Hıncal Uluç ise önce ‘‘Kenan Işık yarışmacıyı yanlış yönlendirdi. Yarışmacı telefon diyecekti, Kenan şaşırttı’’ diye yazıyor, ardından da ‘‘Soru yanlış. Başkan Hayes o sözü 1876 yılında söyledi’’ diye iddia ediyor.
Anlamışsınızdır, bahsedilen mesele ‘‘Kim 500 Milyar Lira İster’’ adlı yarışma programı.
Yarışmada soru aynen şöyleydi:
‘‘ABD Başkanı Rutherford B. Hayes 1877 yılında, bu çok şaşırtıcı bir buluş ama kim niye kullansın ki’’ sözünü ne için söylemiştir?
Gramafon Televizyon Düdüklü tencere Telefon''
Yarışmacı uzun süren bir tereddüdün ardından gramafon demiş ve 250 milyar liraya ulaşmak yerine 16 milyar lira alarak yarışmadan elenmişti.
Uluç ve Şen iki farklı iddia ile ortaya çıktılar.
Yarışmanın tarzını bir kenara bırakıp, önce Uluç'a biraz bilgi vereyim.
Hıncal Uluç'u bu yazıları yazmaya iten tepkiler yarışmanın ertesi günü bana da gelmeye başladı. Bir mail trafiği ile Uluç'un ortaya attığı iddia bana da ulaştı. Hatta bazı arkadaşlarım da arayıp beni ‘‘gerçeği ortaya çıkarmaya’’ çağırdılar..

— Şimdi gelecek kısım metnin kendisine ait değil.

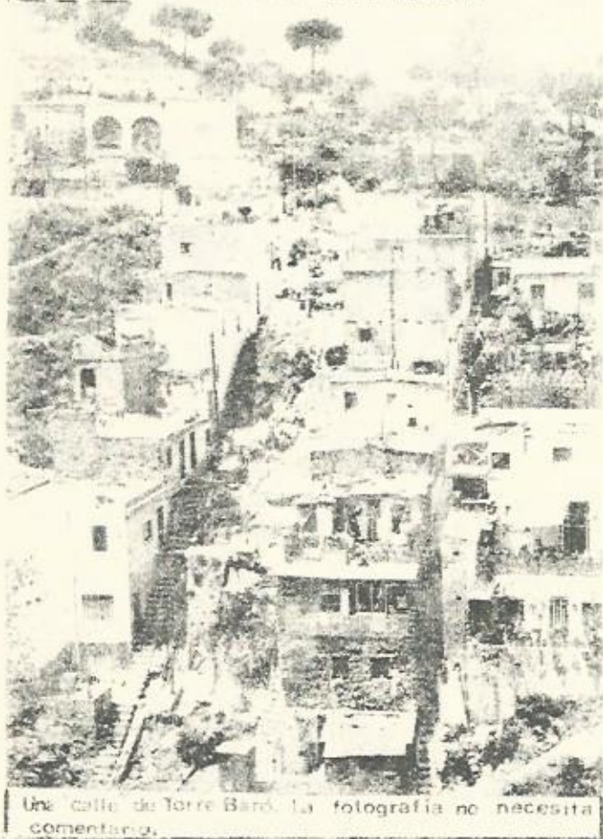
Una calle de Torre Baró. La fotografía no necesita comentario.

Hace años que los vecinos, por medio de sus Asociaciones, realizan innumerables gestiones para mejorar su situación. Algunas de estas gestiones han sido en realidad movilizaciones de gran parte de los vecinos; así por ejemplo la impugnación al Plan Parcial del Ayuntamiento que se realizó mediante la presentación de 3.000 instancias individuales y que fueron repartidas por el barrio y comentadas en bares, tiendas, etc. Recientemente se envió una carta con más de 2.000 firmas pidiendo la puesta del agua y dándole al Ayuntamiento un plazo de diez días para responder.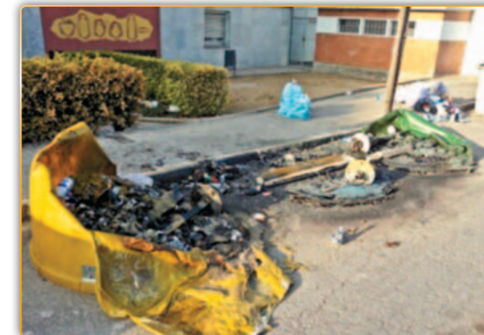
• El foc es va emportar els contenidors del carrer Colom.

En aquest sentit cal destacar únicament dos focs, un d'ells fou una bardissa dels jardins de Can Cortès, mentre que fou un petit incendi en un camp proper al centre, que també es va apagar de seguida. Major transcendència va tenir el foc que va cremar un total de quatre contenidors de recollida selectiva ubicats al carrer Colom i d'un petit dipòsit de piles situat al passeig de la Carrerada. L'incendi d'un dels contenidors de recollida selectiva va malmetre «les peces de plàstic d'un cotxe que estava estacionat al costat», detalla Gràcia. Segons el sotsinspector, «en aquest cotxe va haver-hi els únics danys provocats a tercers que es van registrar».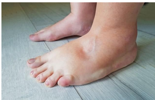
Slika 4.1.2. Edemi i uzroci

Nefrotski sindrom može se pojaviti kod osoba s anemijom srpastih stanica i evoluirati do zatajenja bubrega. Sindrom se javlja u bilo kojoj životnoj dobi, no ipak je nešto češći u djece nego u odraslih. U rane simptome nefrotskog sindroma pripadaju gubitak apetita, opća slabost, oteklina očnih kapaka, bolovi u trbuhu, gubi se mišićna masa te se javljaju edemi zbog zadržavanja viška soli i vode, a urin je zamućen. Trbuh može biti povećan ukoliko se nakuplja veća količina tekućine, a do nedostataka zraka može doći zbog nakupljanja tekućine oko pluća. Simptomi se javljaju postupno danima i tjednima uz konstantno pogoršanje stanja, a bolesnik gubi sve više proteina zbog oštećenih glomerula [9]. Nefrotski sindrom očituje se masivnom proteinurijom, koja iznosi ukupno 3,5 g ili više bjelančevina u razdoblju od 24h. Gubitak proteina, posebno albumina naziva se hipoalbuminemija, a zbog smanjenja osmotskog tlaka plazme nastaje generalizirani edem koji je vidljiv u svim dijelovima tijela [7]. Edemi su obično meki i tjestasti (Slika 4.1.) [7].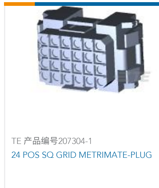
TE 产品编号207304-1 24 POS SQ GRID METRIMATE-PLUG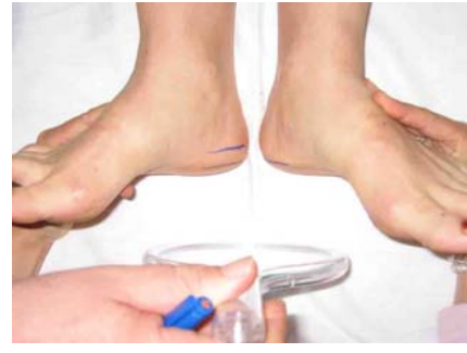
Wir können sehen, dass die Wirbelsäule sich aufgerichtet hat, das Becken korrigiert und der Unterschied der Beinlängen ausgeglichen worden ist.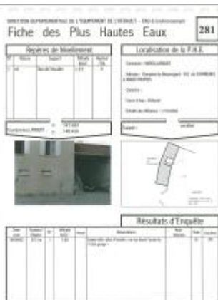
Fiche descriptive d'origine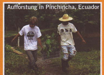
Aufforstung in Pinchincha, Ecuador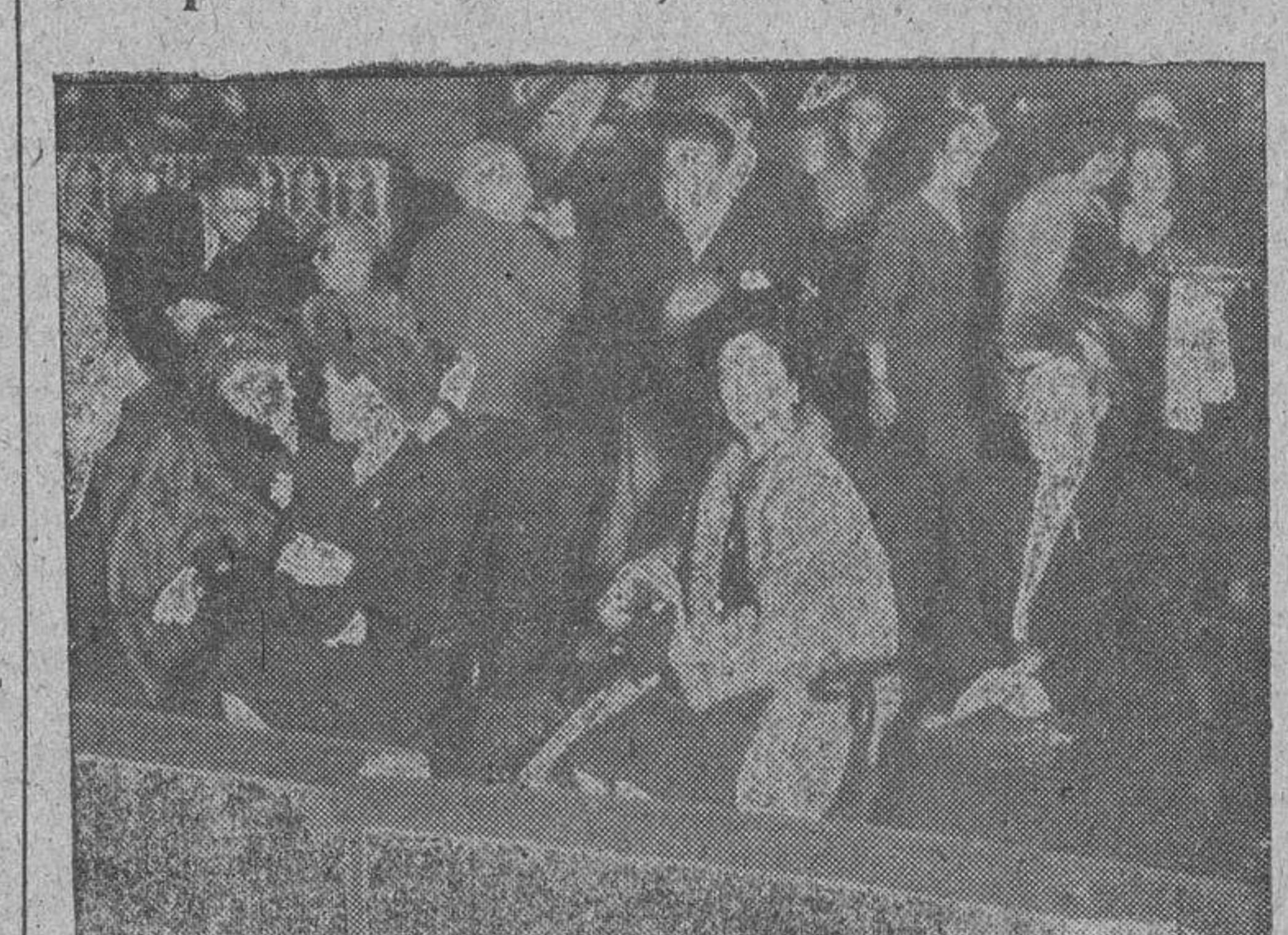
En el Circo de Price se ha celebrado la fiesta anual que organiza Auxilio Social y a la que asistieron más de seis mil niños. La esposa de Su Excelencia el Jefe del Estado dio brillantez al acto con su presencia.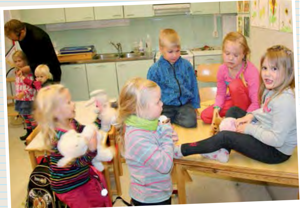
Eskareilla leikki mielessä. Ainakin välitunnilla.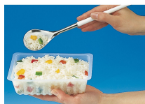
BARQUETTE CAISSIPACK TRANSPARENT E 250G

Ben bana gelen mail'leri kaynak olarak alıp bir yazı yazacak türde bir yazar olmadığım için başladım araştırmaya.
Önce yapımcı Fatih Aksoy'u arayıp yarışmanın bir kopyasını istedim.
Kenan Işık'ın yarışmacıyı yanlış yönlendirdiği tamamen palavraydı ve büyük ihtimalle Sevgili Hıncal Abi programı izlememişti bile.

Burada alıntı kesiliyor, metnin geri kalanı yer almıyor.